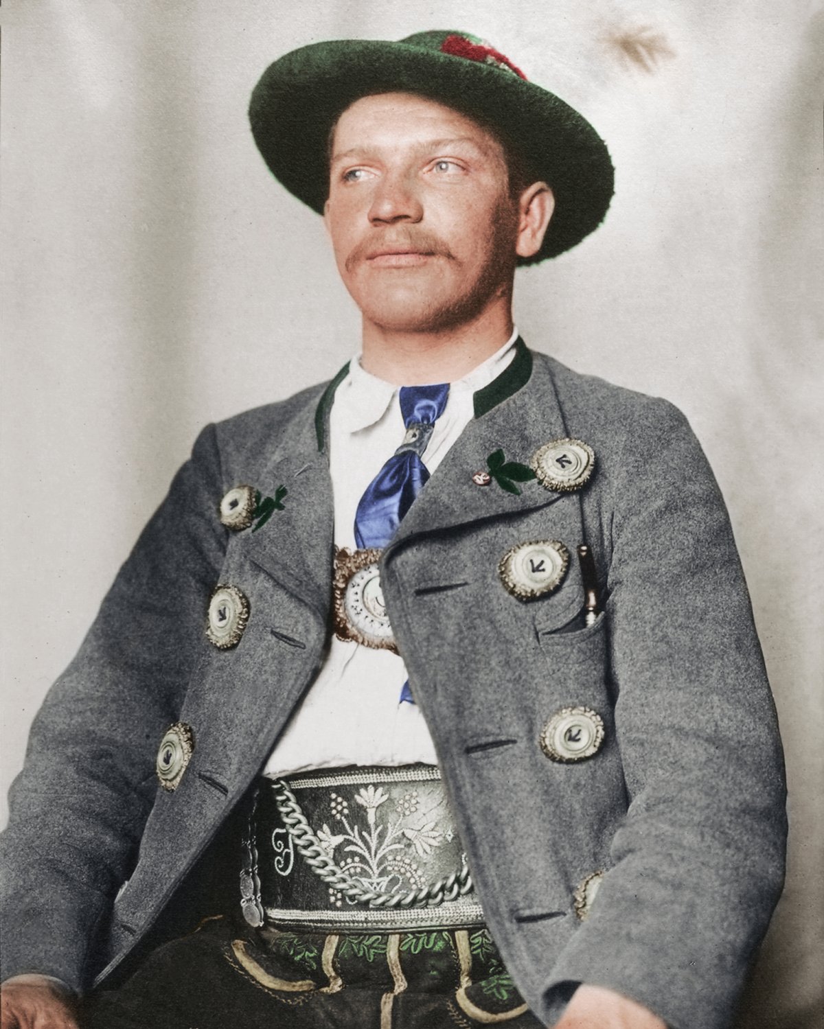 “The grey jacket, known as a trachtenjanker, is made from pulled wool and decorated with horn buttons, often used by hunters in the region.”
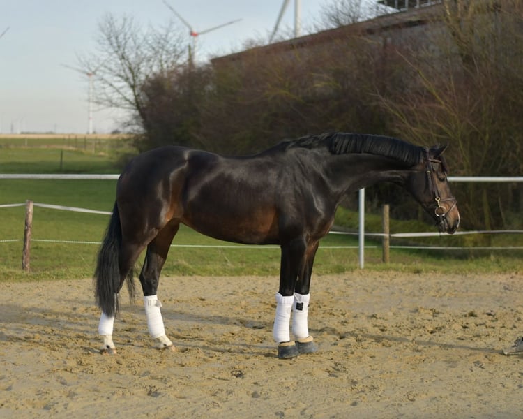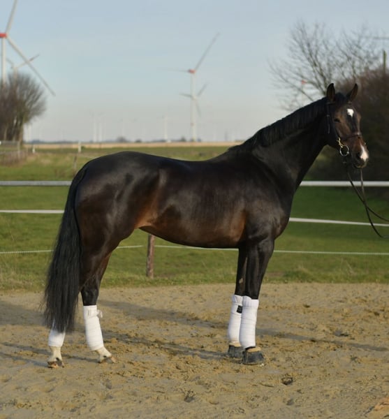 Discover our stunning dark bay KWPN mare born in 2017 – a true gem that will win your heart instantly! With an impressive height of approximately 16.1 hh and a compact build, she is not only a striking eye-catcher but also an ideal choice for riders transitioning from other disciplines. Her three beautiful basic gaits are the result of natural talent and training, making her a perfect partner for both beginners and advanced riders. This mare has a big heart and is incredibly comfortable to ride, providing pure enjoyment both in the saddle and during ground work. Her sensitive and affectionate nature makes her the perfect cuddle horse, always wanting to be close to her handler. She is not only a valuable addition to your stable but also a loyal companion. ### **Special Offer:** Secure a **5% discount** on the purchase price with immediate pickup! ### **Test Ride Opportunity:** Take advantage of the chance to test our horse for one week! This trial period can be supervised by experienced trainers. You will have the opportunity to combine riding lessons and testing sessions. Please note that a trial fee applies, which is not deducted from the purchase price. ### **Trial Riding:** Would you like to meet the mare in person? We are happy to arrange a viewing and trial ride. The cost for a pre-ride or trial session is €30 per person. Don’t hesitate to contact us for more information or to schedule an appointment. You won’t want to miss this unique opportunity!
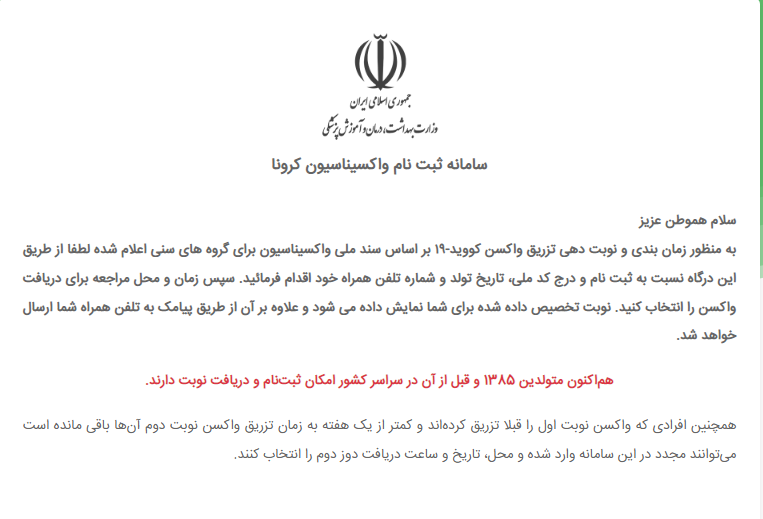 از هم‌اکنون تمامی متولدین ۱۳۸۵ و قبل از آن در سراسر کشور می‌توانند از طریق سامانه salamat.gov.ir محل و زمان تزریق واکسن کرونا را انتخاب کنند.
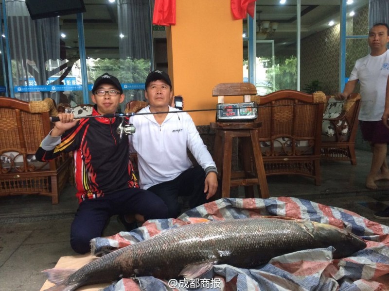 昨日下午,在成都商報(bào)記者的見證下,劉氏父子為這條大魚量了身高、稱了體重:身長1.63米,重98.4斤。
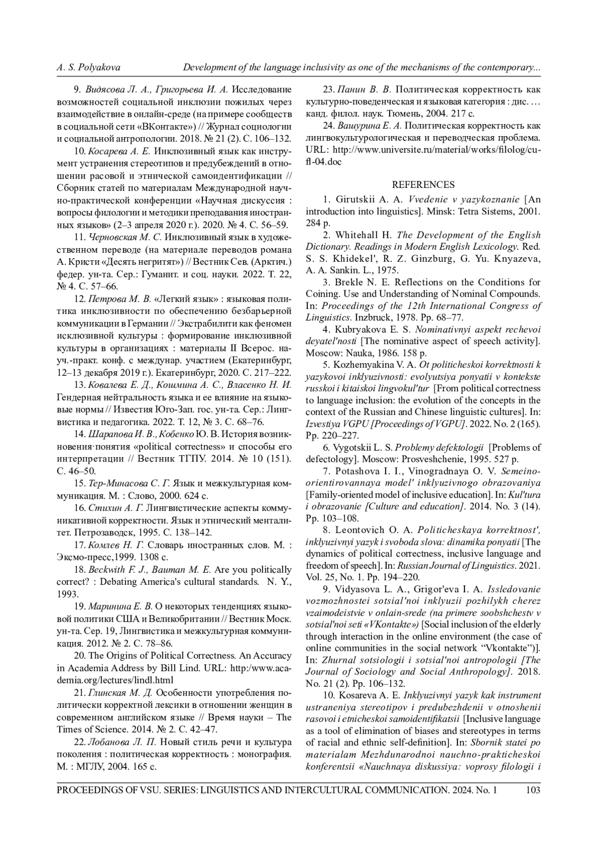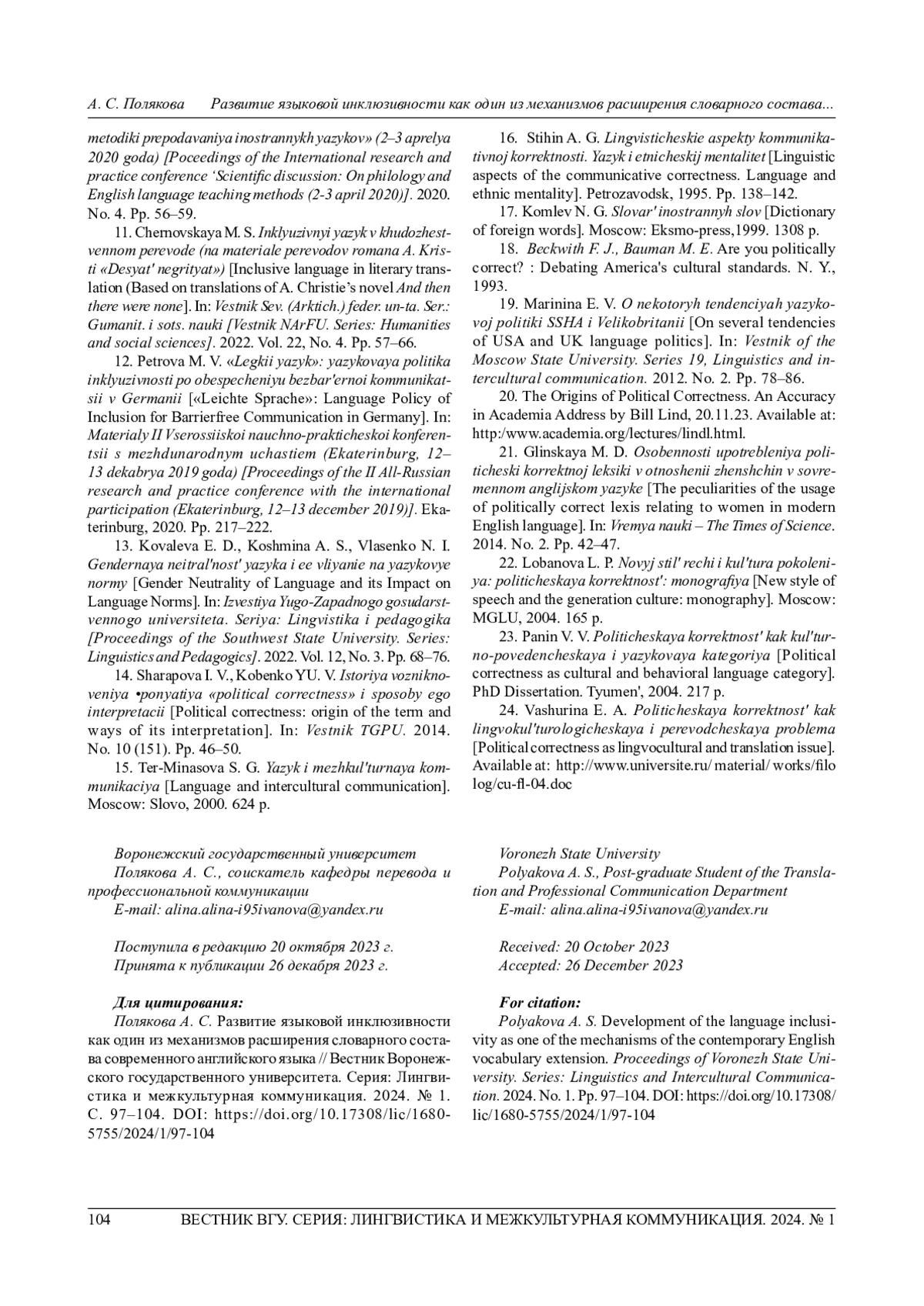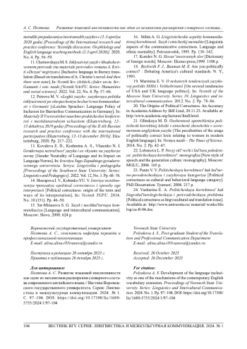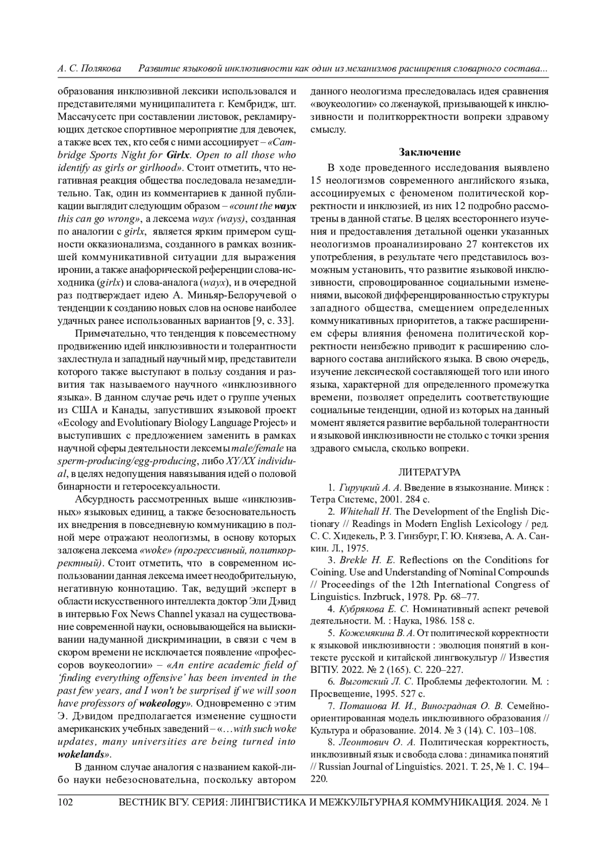 8. 	Леонтович О. А. Политическая корректность, инклюзивный язык и свобода слова: динамика понятий // Russian Journal of Linguistics. 2021. Т. 25, № 1. С. 194220. EDN: KMJJWZ
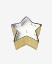 La vela aromática en tono dorado ilumina el interior con un resplandor cálido. Su recipiente con forma de estrella la convierte en una pieza decorativa para mesa o cómoda. Aúna función decorativa y toque aromático para un ambiente navideño.

### What to work on
Your task is to restate word for word the lines from the one containing "از هم‌اکنون تمامی" through the last line of the data, both ends included, with no pictures.

### Response to the exercise
 از هم‌اکنون تمامی متولدین ۱۳۸۵ و قبل از آن در سراسر کشور می‌توانند از طریق سامانه salamat.gov.ir محل و زمان تزریق واکسن کرونا را انتخاب کنند.
 昨日下午,在成都商報(bào)記者的見證下,劉氏父子為這條大魚量了身高、稱了體重:身長1.63米,重98.4斤。
 8. 	Леонтович О. А. Политическая корректность, инклюзивный язык и свобода слова: динамика понятий // Russian Journal of Linguistics. 2021. Т. 25, № 1. С. 194220. EDN: KMJJWZ
 La vela aromática en tono dorado ilumina el interior con un resplandor cálido. Su recipiente con forma de estrella la convierte en una pieza decorativa para mesa o cómoda. Aúna función decorativa y toque aromático para un ambiente navideño.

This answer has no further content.